Aus der tasache lokaler und regionaler besonderheiten wie Klima, Topografie und anderes geht nicht zwingend hervor, dass die Aufwaende fuer ein abstrakt gleiches resultat unterschiedlich sein muessen.
Und Umsiedlungen, wenn sie vorteilhaft sind, werden immer von den menschen lokal beschlossen. Und sie selbst suchen sich die Alternative in Abstimmung mit den Menschen, die dort leben.

".. anfangen die Regierung zu stellen. Die Regierung deswegen, weil nicht alle Bevölkerungsteile sich anfangs zivilgesellschaftlich engagieren und einbinden lassen wollen."

Ich weiss inzwischen, dass du grosse probleme hast, das Konstrukt Staat zu verstehen. Und immer wieder faellst du ueber deine von dir selbst geschaffenen stolperschwellen. Staatliche Konstrukte werden nur in elitaer strukturierten Herrschaftsformen benoetigt. Egalitaere, auf Gleichwertigkeit ruhende Gemeinschaften brauchen keine staatlichen Konstruktionen, weil sie auch keine Sklavenstrukturen schaffen, weil sie sie nicht brauchen. ich habe im Aufstehen-Forum den Text von Erich Muehsam "Die Befreiung der Gesellschaft vom Staat. Was ist kommunistischer Anarchismus? (1933)" verlinkt. Sollte ich wohl hier wieder machen.

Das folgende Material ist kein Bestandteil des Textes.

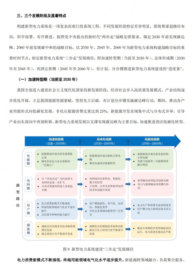 按照黨中央提出的新時代“兩步走”戰略安排要求,錨定2030年前實現碳達峰、2060年前實現碳中和的戰略目標,以2030年、2045年、2060年為新型電力系統構建戰略目標的重要時間節點,制定新型電力系統“三步走”發展路徑,即加速轉型期(當前至2030年)、總體形成期(2030年至2045年)、鞏固完善期(2045年至2060年),有計劃、分步驟推進新型電力系統建設的“進度條”。
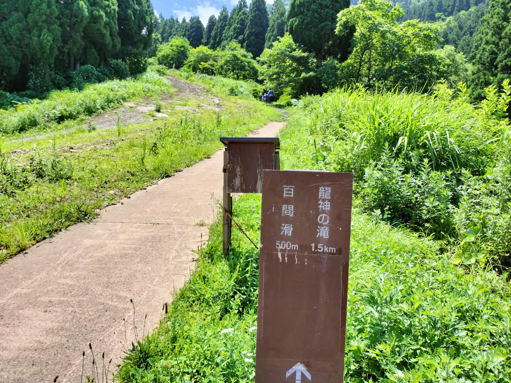 「百間滑」とは「龍神の滝」下流200メートル(百間)に渡って水が岩肌を流れていることから名付けられています。標高は約700メートル、水場ということもあり少しひんやりしています。私はいつもこの景色と水の音に癒やされています。看板近くにはトイレも整備されているので安心ですね。
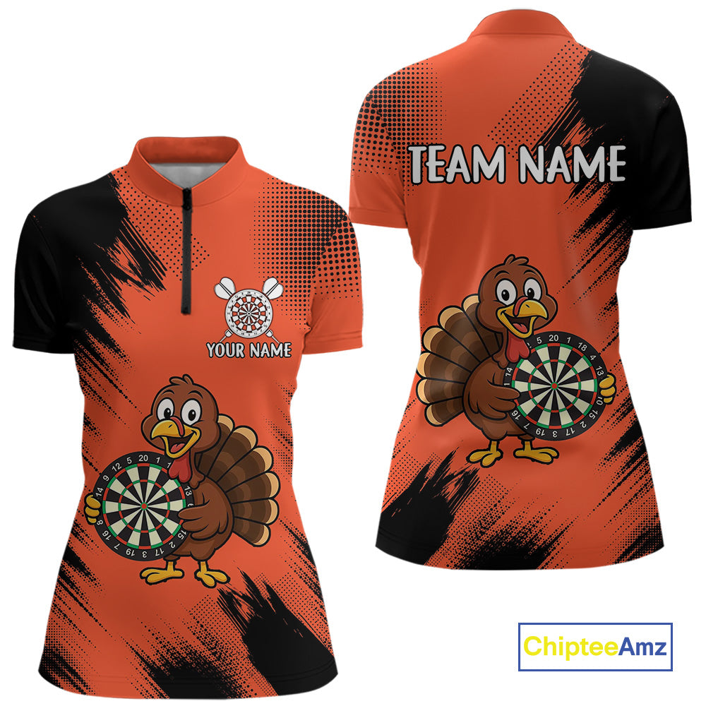 Custom Orange Funny Turkey Darts Shirt For Women, Thanksgiving Darts Team Jersey Polo & 1/4 Zip TDM4803
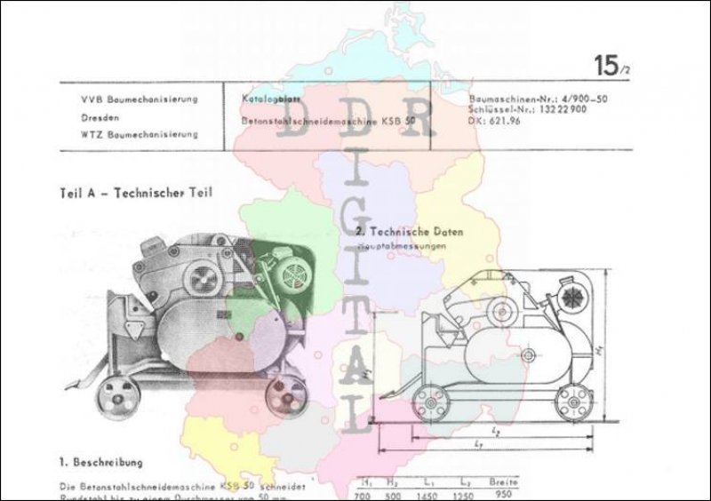 Teil A - Technischer Teil, enthält die allgemeine Beschreibung des Maschinentyps unter Berücksichtigung wesentlicher Merkmale technischer Art, wie z.B. Abmessungen, Arbeitsgeschwindigkeit, Antrieb, Getrieb u.a.
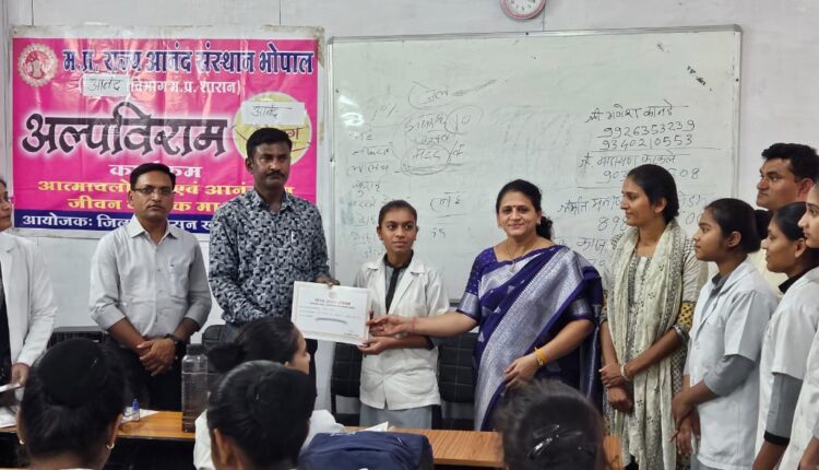 राज्य आनंद संस्थान द्वारा एक निजी पैरामेडिकल कालेज के १०० विद्यार्थियों के साथ एक दिवसीय अल्प विराम कार्यशाला आयोजित
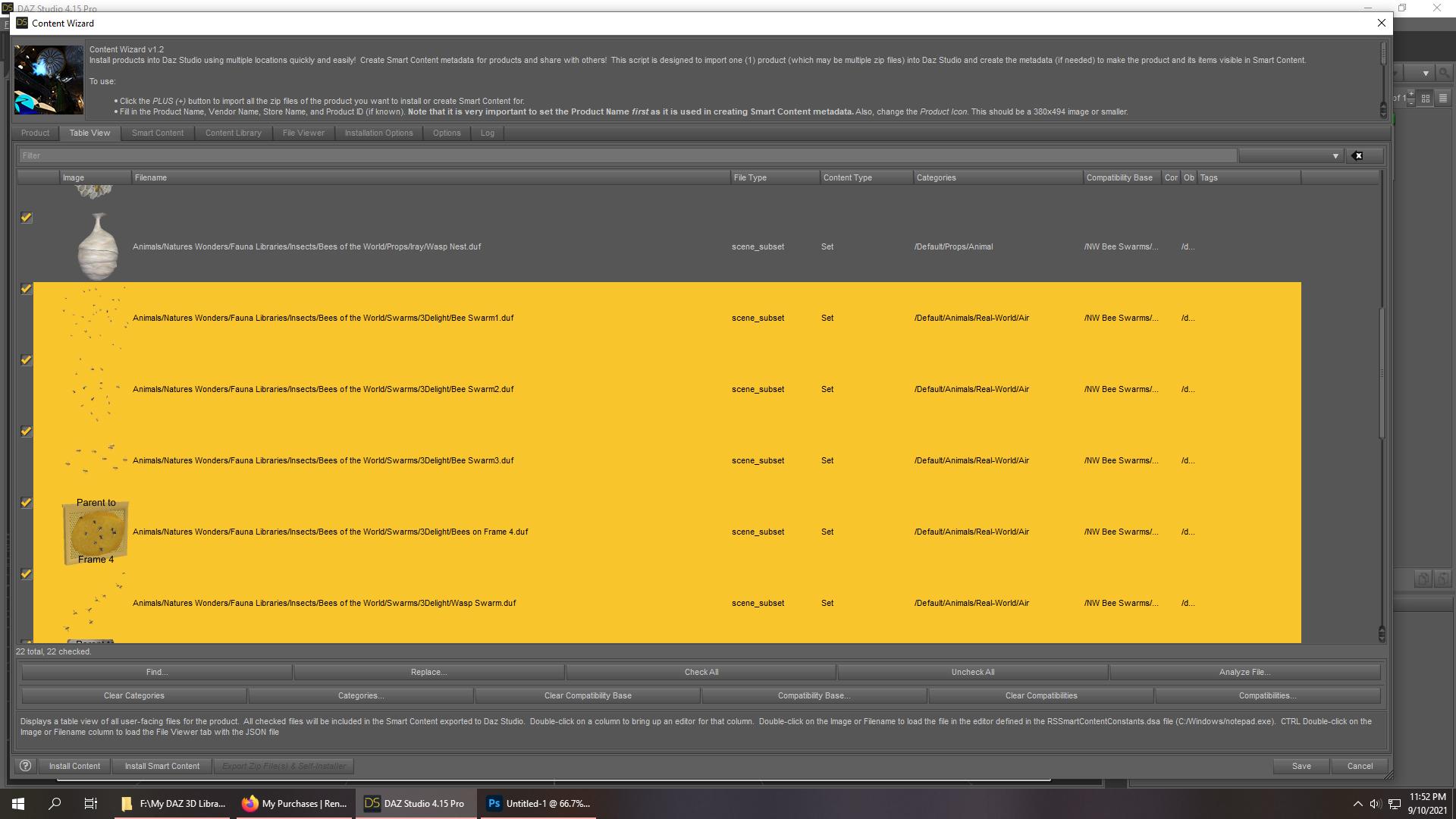 Im having an issue.  I purchased a Bee Swarm from the other store any was trying to install with Content Manager.  I set all the catagories up like usual, then I usually check the tabs to make sure everything is in the right place. The Props are correct but there is no Animals catagory showing at all.  I unchecked the Filters to look and theres not one listed there either but when I look under Smart Content in DS the Animals folder is there (It only shows the land animals since I didn't set the catagories for previous air animals).
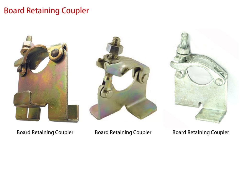 Board retaining couplers are used to erect and secure scaffolding platforms during construction, ensuring that decking remains securely and stably attached to the scaffolding structure, preventing it from slipping or shifting during use. Common board retaining couplers are made of high-quality, corrosion-resistant steel, offering exceptional durability and a long lifespan, even in harsh working environments.
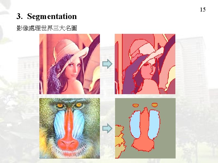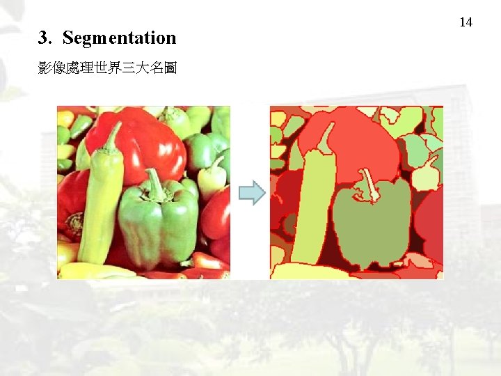3. Segmentation Important for compression biomedical engineering object identification 要學習的項目: (1) 影像處理的基本技巧 (2) Image segmentation 程式的編寫 (3) Image segmentation 的應用 (4) 查資料和做研究的方法和技巧 12
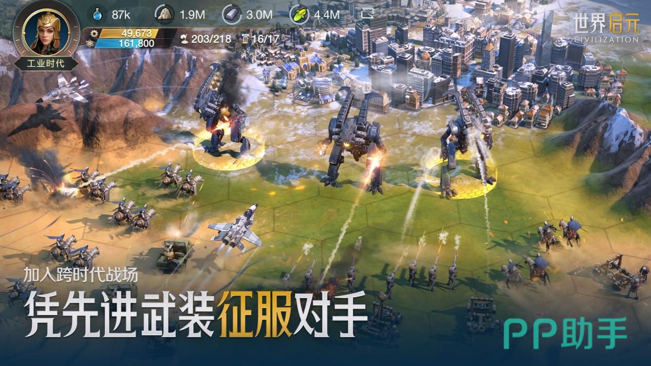 在游戏中,从华夏、古希腊等五大势力任选初始文明,各文明个性与兵种特质鲜明。技术树架构是一大特色,我们依靠研究科技发掘新内容,推动文明从远古时代迈向工业时代。除了基础硬件建设,我们还能够开垦田地、探寻古迹。游戏中还可征召英雄,提升作战实力,和其他文明开展外交交流,上演激烈策略对抗。
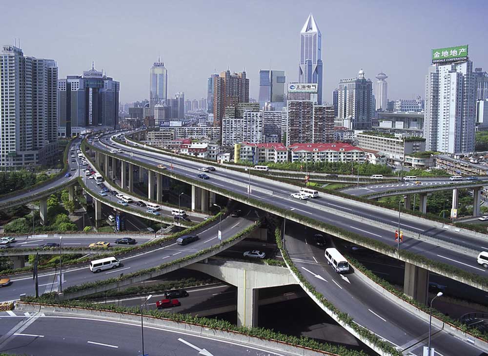 Este é um dos mais movimentados e maior intercâmbio de Xangai, que atende a milhares de veículos a cada hora.

Wir brauchen keine Regierung. Wir brauchen die demokratische Selbstorganisation der bevoelkerung fuer ihre oekonomischen Grundlagen, den materiellen Lebensgrundlagen fuer Alle. Alles andere entsteht nach wunsch und belieben.

zu 2)
Der Ausgangspunkt fuer mich ist, was bringen wir in die Oekonomie, dem Wirtschaften, ein? Es ist nur unsere Zeit. Die Substanzen, die wir formen, gibt uns die natur, anorganisch als auch organisch. In Bezug auf eine Quantifizierung koennen wir nur sagen, dass jedes Mitglied einer Gemeinschaft im Laufe ihres Lebens eine mindestens ausgeglichene Balance von Geben und Nehmen erreichen muss, wenn sie dazu gesundheitlich in der lage sind. Mehr geben geht immer.

Auch in kuerzeren Zeitraeumen werden wir so oder so darauf achten. Wegen unserer Gleichwertigkeit gilt dies natuerlich auch fuer unsere Taetigkeiten. Wir muessen nur darauf achten, uns nicht mit Unsinn zu beschaeftigen. Und es haengt auch von der spezifischen Taetigkeit ab, wie wir dies zeitlich organisieren. Wenn wir konstruktiv taetig sind, nuetzt es uns nicht, einmal in der woche uns an unsere aufgaben zu setzen, weil wir dann den inneren Zusammenhang verlieren. Wir arbeiten also dann zeitlich gerafft und erweitern die folgenden Freizeiten. Manchmal ist es auch gut, nach einem abschnitt eine pause einzulegen, um unser tun zu reflektieren. Bei Taetigkeiten, die keine spezifischen besonderen Vorbereitungen benoetigen, koennen wir flexibel agieren. Bei Taetigkeiten, die eine starke Verbindung zu den natuerlichen Zyklen enthalten, gelten sowieso diese als Referenz.

zu 3ff) und 5) Sobald du in die "politische Sphaere" abdriftest, geht es bei dir durcheinander. Da wird der alte Dreck mit dem Neuen bunt gemischt, auf dass das Alte wieder froehlich Auferstehung feiern kann. Zu 3ff) habe ich mich schon geaeussert. Wir brauchen keine staatlichen kostruktionen, weil wir keinen politischen Ueberbau brauchen. Und vor allem keinen statisch parasitaeren.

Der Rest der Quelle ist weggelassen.